At its core, a modern TTS system is not a single monolithic model but a pipeline of specialized components. Unlike older concatenative methods that stitched together pre-recorded phonemes, modern neural TTS utilizes a sequence-to-sequence approach. The process generally follows this flow:

Text Normalization & Tokenization: Raw text is cleaned and converted into a sequence of phonemes or characters.
Acoustic Model (Text-to-Spectrogram): This model (often based on architectures like FastSpeech or VITS) converts the token sequence into a visual representation of sound—the spectrogram.
Vocoder (Spectrogram-to-Waveform): This model takes the abstract spectrogram and reconstructs the raw audio waveform (the actual sound waves).

Analogy: The Architect and the Builder

Imagine constructing a building. The Acoustic Model acts as the architect. It takes the blueprint (the text) and creates a detailed schematic diagram (the spectrogram). This diagram doesn't look like a building; it shows the structure, the height of the walls, and the placement of windows, but it is abstract. The Vocoder is the master builder. It looks at the schematic and uses physical materials (mathematical synthesis) to construct the actual physical building (the audio waveform). One cannot exist without the other if you want a functional result.

Deep Dive 1: The Acoustic Model (The Architect)

In the context of local TTS, we often utilize models like Piper or VITS (Variational Inference with adversarial learning for end-to-end Text-to-Speech). These models are typically trained on massive datasets of audio and text pairs.
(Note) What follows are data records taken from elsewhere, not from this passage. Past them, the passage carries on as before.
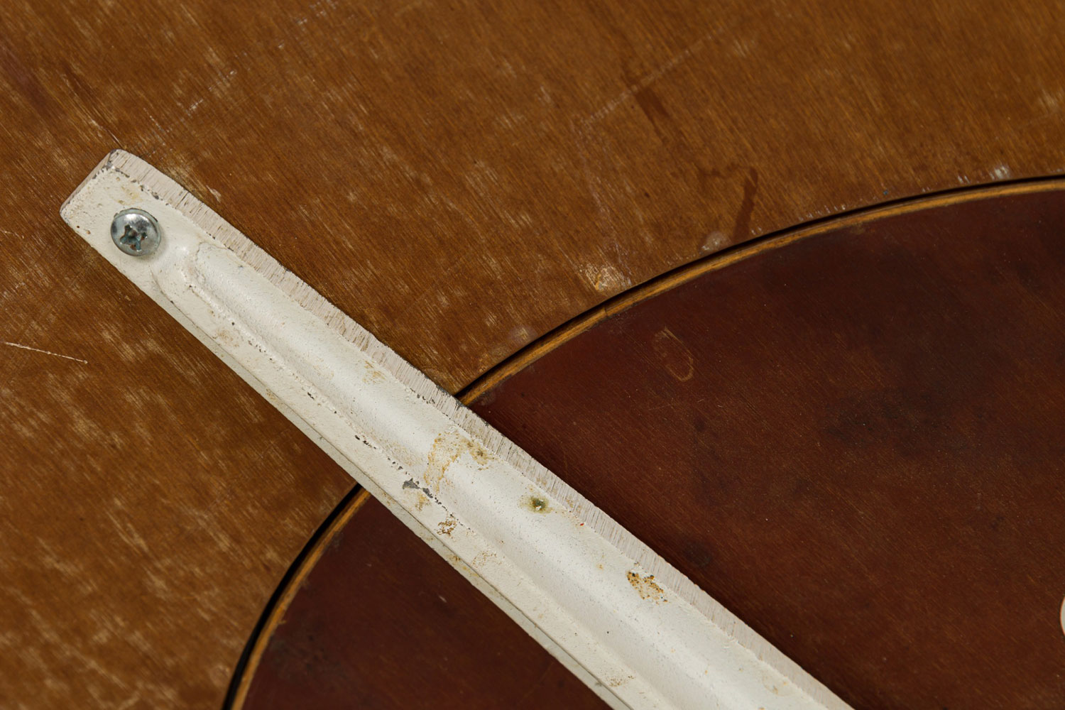 Style: Mid-Century Materials & Techniques: Laminate, metal, wood Category: Tables, Office/Library, Dining Room Good; Wear consistent with age and use
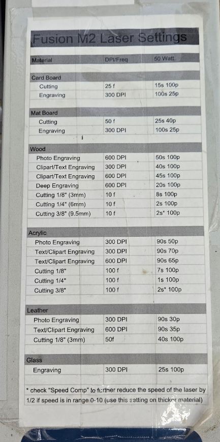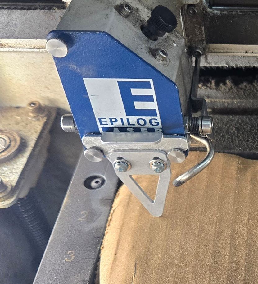 Before cutting, I had to choose which cutter I used. I decided on the oldest one in the lab, solely because it had a really accurate manual focus(seen on the right) and it seemingly has better kerfs that the others. The others are more modern, cut faster, have better safety features, and a feature that makes the, 10x better than the one I chose. The better feature is a camera built into the cutter, that allows for really easy cut positioning. The laser cutter I used was the Epilog Laser Fusion M2, specifically the 32 inch variant. This is a really good laser cutter, but held back by the fact that it was released 11 years ago. According to it's owners manual, It can cut cardboard at 20-30 inches per second, and has the capability to account for all of the features that the better cutters have, but the cutter at our lab doesn't.
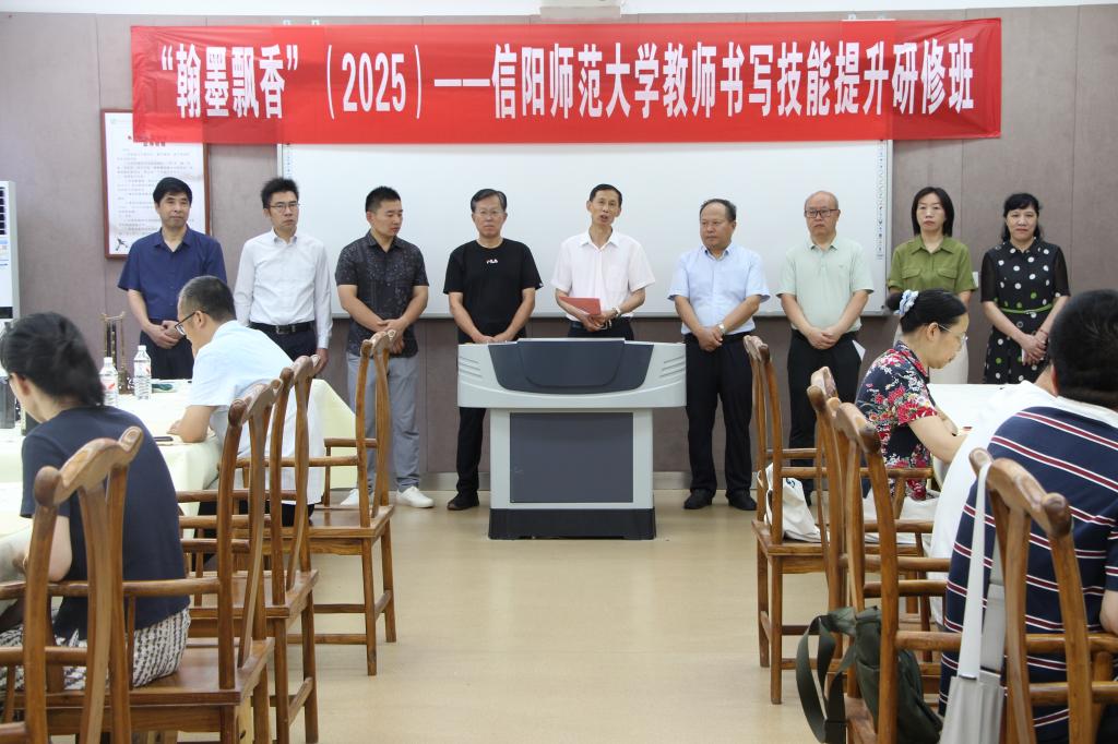 信阳师大新闻网讯 翰墨书写教育情,丹青描绘中国梦。7月4日,由校工会主办、教职工书法协会和教师教育学院承办的翰墨飘香(2025)教师书写技能提升研修班开班。校党委副书记、工会主席岳宗德及50余名书法爱好者参加。仪式由校工会副主席余纪珍主持。
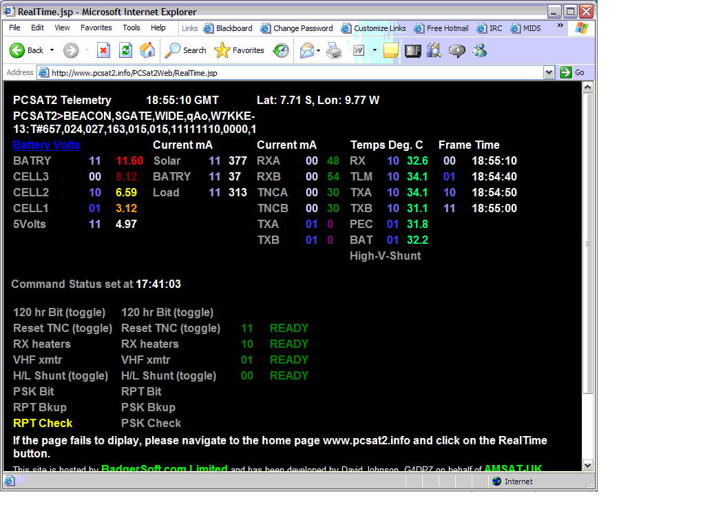 Routine Telemetry: Currently there are three live APRS interenet connected satellite downlink web pages provided by Steve Dimse K4HG:
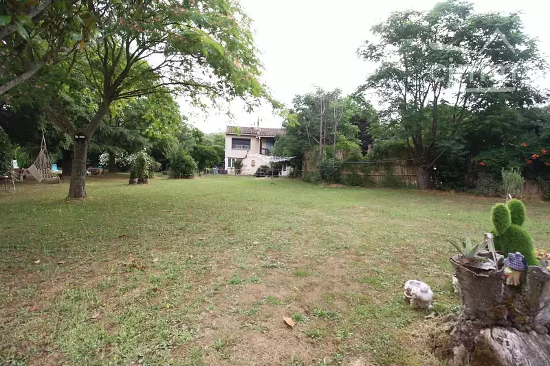Le terrain est aménagé en plusieurs espaces : un espace détente, un potager, des arbres fruitiers, et un espace laissé naturel.
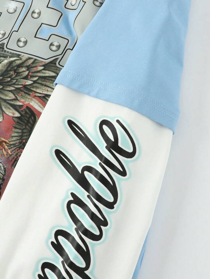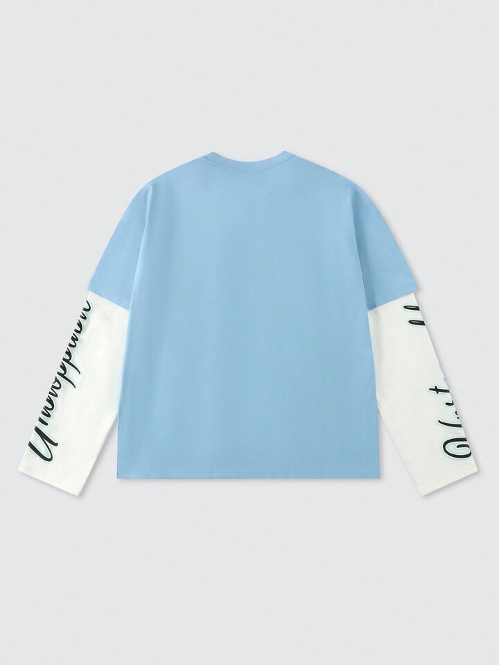 Street Life تي شيرت أكمام طويلة سميك 2 في 1 حياكة ملونة، ملابس الشارع
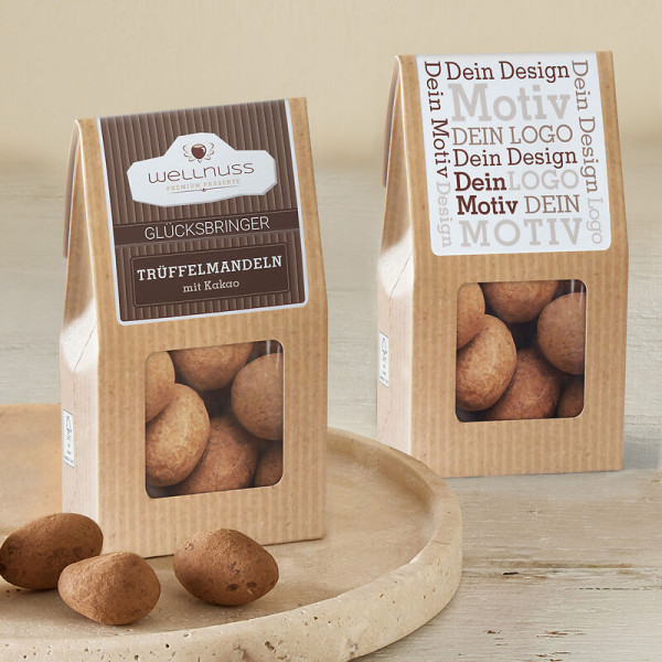 Ab 500 Stück mit Ihrem Motiv im 4c Druck auf dem Etikett der Faltschachtel, ab 2.500 Stück vollflächig bedruckt im Offsetdruck: Unser aufmerksamkeitsstarker Bestseller. Die Mini-Faltschachtel als nachhaltiges Premium-Giveaway. Ein Mandelkern, umhüllt von feinster belgischer Schokolade, bedeckt mit einem Hauch Kakaopulver. Die Kombination aus fein-herben Kakao mit zart-schmelzender Schokolade und einer knackigen Mandeln ist einfach unwiderstehlich.

The Spectrogram: Visualizing Sound

Before understanding the model, we must understand its output: the Mel Spectrogram.

Sound is a wave. In a digital system, we represent it as a sequence of amplitude values over time (the waveform). However, raw waveforms are high-dimensional and noisy for a neural network to process directly. A spectrogram breaks the audio into short time windows and analyzes the frequency content of each window.

A Mel Spectrogram is a variation where the frequency axis is converted to the Mel scale, which mimics human hearing sensitivity (we perceive lower frequencies better than higher ones). To a neural network, a Mel Spectrogram looks like an image. The horizontal axis is time, and the vertical axis is frequency intensity.
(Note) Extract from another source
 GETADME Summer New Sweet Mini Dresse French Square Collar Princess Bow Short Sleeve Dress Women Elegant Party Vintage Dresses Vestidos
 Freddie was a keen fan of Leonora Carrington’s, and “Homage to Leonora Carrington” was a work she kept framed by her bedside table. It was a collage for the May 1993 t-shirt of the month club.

Why is this critical for C# developers? When we load these models in ONNX Runtime, we are not dealing with "audio" initially. We are dealing with tensors of floating-point numbers representing this spectral image. In C#, we manage these tensors using the Microsoft.ML.OnnxRuntime library. The input to the TTS model is a tensor of integers (text tokens), and the output is a 3D tensor representing the Mel Spectrogram (Batch Size × Mel Channels × Time Frames).

The Architecture: VITS and Monotonic Alignment

Models like VITS utilize a Variational Autoencoder (VAE) combined with Normalizing Flows. Without getting lost in the calculus, the goal is to map the discrete text input to a continuous latent space that represents speech.
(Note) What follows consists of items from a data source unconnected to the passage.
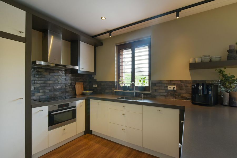 De woonkeuken is een echte eyecatcher. Groot, open en perfect geschikt voor gezellige diners met vrienden of familie. Voorzien van een eiland met bar, veel kastruimte en natuurlijk topapparatuur: inductie, oven, magnetron, koelkast, vriezer, quooker en vaatwasser. Via openslaande deuren stap je zo het terras op, heerlijk èn praktisch in de zomer!
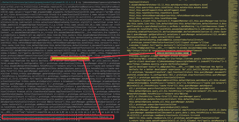 1Password's browser extension does include Apollo Client (we use GraphQL internally), so it's normal to find that string in the 1Password extension's bundled code on disk. However, while the Apollo message string does exist inside the 1Password extension, Apollo's own checks will prevent 1Password from logging that message to Chrome's dev tools console: https://github.com/apollographql/apollo-client/blob/main/src/core/ApolloClient.ts#L866-L896
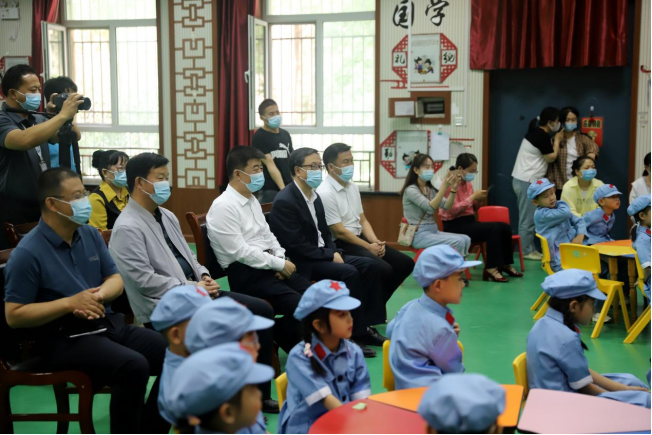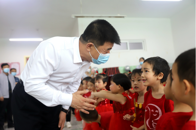 在“六一”国际儿童节之际,6月1日上午,党委书记赵光辉,党委副书记、校长张爱萍,党委常委、副校长赵峰华、石长青分成两组,来到学校小胡杨幼儿园,看望慰问幼儿园小朋友和教职工,向小朋友们祝贺“六一”国际儿童节快乐。
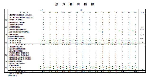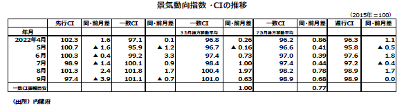 -9月分一致CI3カ月移動平均が上昇、景気判断の「改善」は8カ月連続で継続-
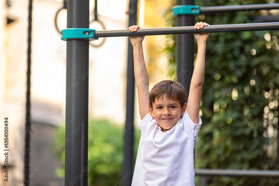 Little schoolboy, young athlete is pulling himself up on a sport horizontal bar on outdoor playground on sunny day. Active childhood, acrobat, workout on backyard, summer camp concept

A critical concept here is Monotonic Alignment Search (MAS). When we speak, the timing of phonemes is rigid; "Hello" always flows in a specific order. The acoustic model must learn this alignment without explicit timing labels during training. It ensures that as the text tokens progress, the corresponding audio frames progress linearly.

In C#, when we invoke the inference session for the acoustic model, we are essentially asking the model: "Given this sequence of token IDs, generate the sequence of Mel frames that statistically resemble the training data of a human voice."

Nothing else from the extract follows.